Please try to keep this local to pgcc-list at the moment.

Anyway anybody having comments? you can find more info under
http://www-personal.umich.edu/~hasdi/mmx.html

-----Forwarded message from Hasdi R Hashim <hasdi AT umich DOT edu>-----

GCC SIMD (Single Instruction Multiple Data) Support
(rough draft v0.1 2/22/1998)
by Hasdi R Hashim ( hasdi AT umich DOT NOSPAM DOT edu)

When Intel came out with MMX, very few software took advantage of it. The
reasons vary. One is that there is not enough MMX users compared to non-MMX
users to commit to MMX-supportable product or MMX-only product.  Second, MMX
has to be coded in assembly, which very few hackers are competent enough to
do. Even then, coding something is assembly makes it harder to port to
another architecture. So the question C/C++ programmers has been scratching
their head for years is that why isn't there a compiler switch to take
advantage of MMX?


Introduction to MMX

MMX is about using using 64-bit word to do operations on 8 8-bit data, 4
16-bit data, or 2 32-bit data at once (in a single cycle). In addition to
that, it allows you to perform saturation operation in a SINGLE cycle (other
architectures require costly branches and/or obscure code that very few
people can read). MMX falls under SIMD (single instruction multiple data)
class of instructions. Intel is not the only processor with SIMD. Digital
Alpha (asserted by some to be the first), PA-RISC, and UltraSparcs are some
other processors already with varying degree of SIMD capability. MMX has
added difficulty to work with compared to other processors because MMX uses
a register file originally designed to be stack-oriented rather than
linear-oriented.  The register file has to be modified to work under two
exclusive modes of operation, linear by MMX and stack by floating-point.
This difference in mode is transparent to the operating system and other
legacy programs.


Complications with Adding SIMD Support

The reason for lack of C support for MMX has less to do with the complexity
in mixing MMX with floating-point code. In fact, if that is the only
obstacle in supporting MMX in a C compiler like GCC, you are very very
lucky. The problem has to do with the language itself. Consider the
following C++ code snippet:

    char *a,*b,*c;
    ....
    for(int i = 0; i < SIZE; ++i) {
        int j = i;
        int k = i;
        a[i] = b[j] + c[k];
    }

In order for the compiler to convert this to...

   char *a,*b,*c;
    ....
    for(int i = 0; i < SIZE; i += 8) {
        int j = i;
        int k = i;
        ((mmx *)a)[i/8] = paddb(((mmx *)b)[j/8], ((mmx *)c)[k/8]);
   }

....the compiler MUST prove that:

   * SIZE is a multiple of 8 (okay, that is easy for the compiler to fix)
   * i,j, and k increment by 1 simulatenously at every interation (okay,
     that is easy to detect)
   * The pointer different between a,  b, and c must be in modulus of 8 OR
     they must not overlap each other

The first two is easy to overcome.

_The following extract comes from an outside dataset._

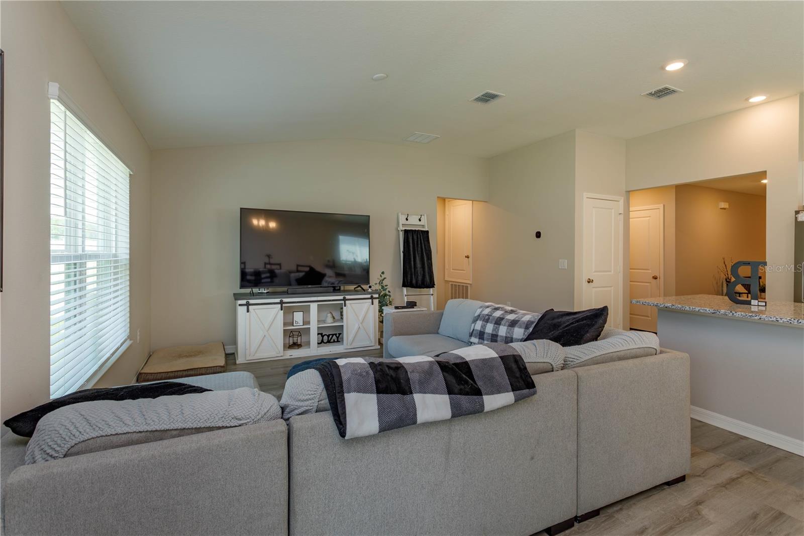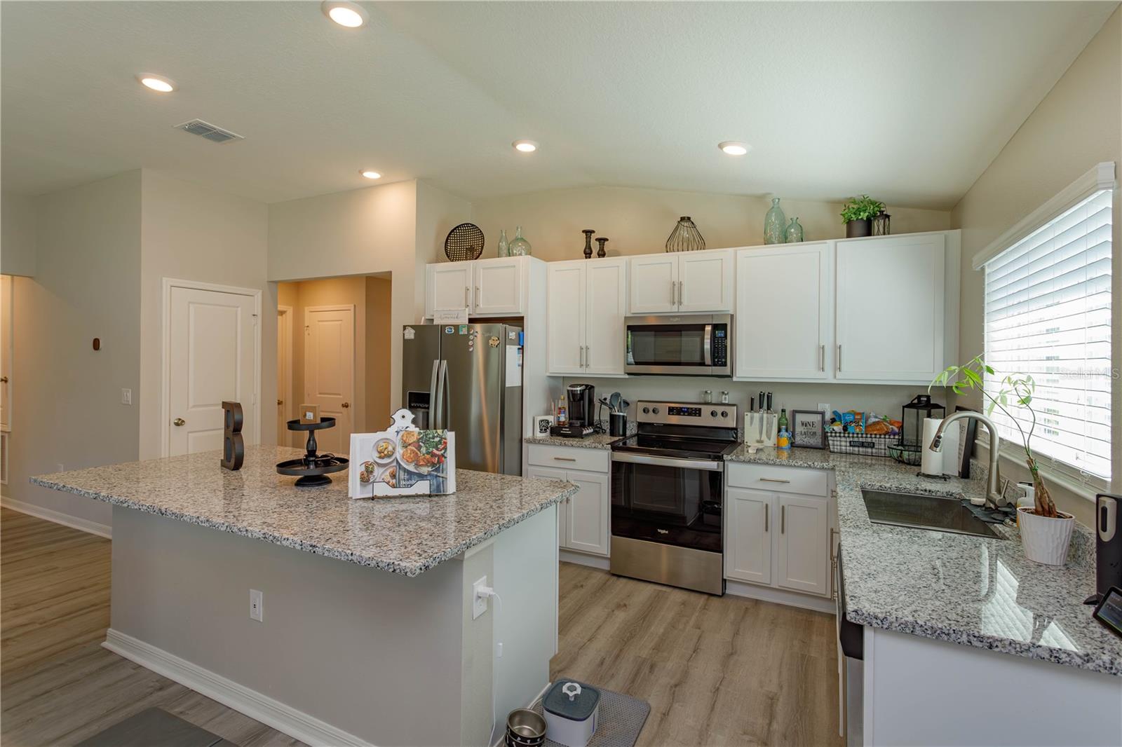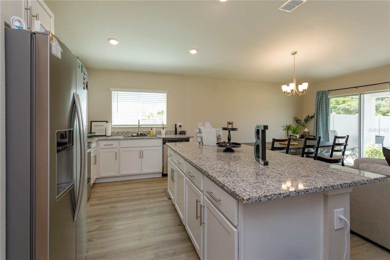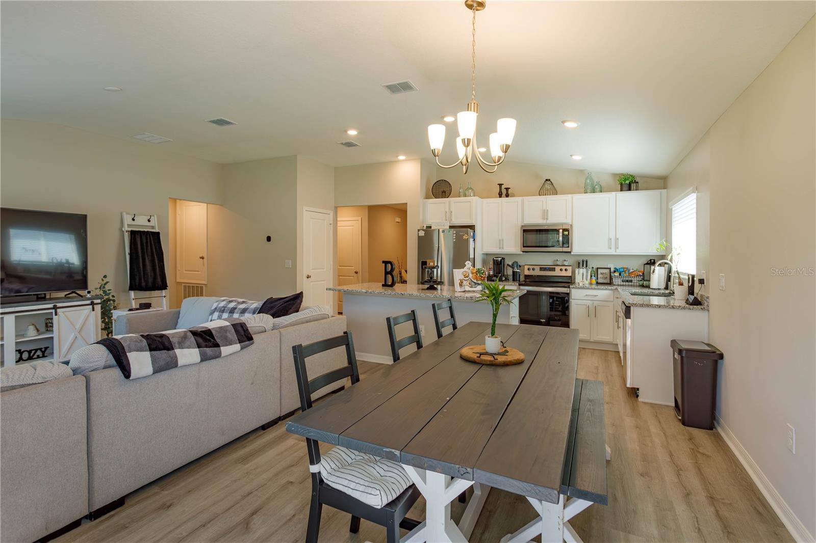 Welcome home! This wonderful 3 bedroom 2 bath home is located in a small and intimate community of Spirit Landing. When you pull up to this great home you’ll love the fresh look of this 2023 built home. Step inside and you’ll be impressed with a large open foyer. This is an open floor plan home that boasts a nice size kitchen with island and stainless steel appliances adjoining to the living room and the dining room. Head into the master bedroom and you’ll find a walk in closet plus an en suite bathroom that has a dual sink vanity. This is a split plan home that also features 2 more bedrooms, another full bathroom and an indoor laundry room. Head out through the sliding doors to the backyard and you’ll find yourself overlooking a vinyl fenced backyard with no rear neighbors. This is the perfect place for entertaining friends and family or just relaxing. Don’t miss out, make an appointment to see this home today!

The third one is almost impossible to
prove, unless a, b, and c is statically or locally allocated in the same
file as the code is taken from. This is important because you must show that
for every operation done on an element of an 8-byte vector is independent of
other elements on the same 8-byte vector.  You can thank Dennis Ritchie for
this, for disallowing the noalias keyword in C. In most practical multimedia
applications, if you do want a, b, and c to overlap, you want them to
overlap entirely.

Because of this,  rather than write parallel code and HOPE the compiler will
use MMX or other parallel opcodes, we should be explicit about it.  For
example,

    char *a,*b,*c;
    ....
    mm8_t *ma = (mm8_t *)a;
    mm8_t *mb = (mm8_t *)b;
    mm8_t *mc = (mm8_t *)c;

    for(int i = 0; i < SIZE/MM8_SIZE; i++) {
        ma[i] = add8(mb[i],mc[i]);
    }

mm8_t is not necessarily 64-bit, as I will explain later. The compiler will
have to decide how to best optimize this vector operation.  It can assume
a,b and c either does not overlap or overlap in its entirety.


Why add SIMD extension?

First of all, this is an innocent extension. At worst, this nothing more
than inline function or macro. A compiler with SIMD support will use this
hint to better optimize the code. Most compilers already built-in extensions
to take advantage of SIMD. For example, GCC has extended asm, inline keyword
and __attribute__((const)).  The only change to be in GCC to support MMX is
only in adding the 'x' constraint (ehem.. that is not very true he he :).

Second, you may argue that this extension is architecture specific. Not so,
because if the compiler can recognize parallel operations, in a regular
sparc or PA-RISC 1.x, it will generate code like this:

    for(int i = 0; i < SIZE/4; i+= 4) {
        int a = mb[i];
        int b = mc[i];
        int mask = 0x80808080UL;
        int lsign = a & mask;
        int left = a &~ mask;
        int rsign = b & mask;
        int right = b &~ mask;
        int carry = left + right;

        ma[i] = carry ^ (lsign ^ rsign);
    }

This is twice as fast as regular byte-wise addition (I'll post the numbers
later. TQ). In 64-bit machine like Alpha and PA-RISC 2.0, I expect it to be
four times as fast. A programmer can use these extensions to take advantage
of MMX but leave the code portable enough for other processors.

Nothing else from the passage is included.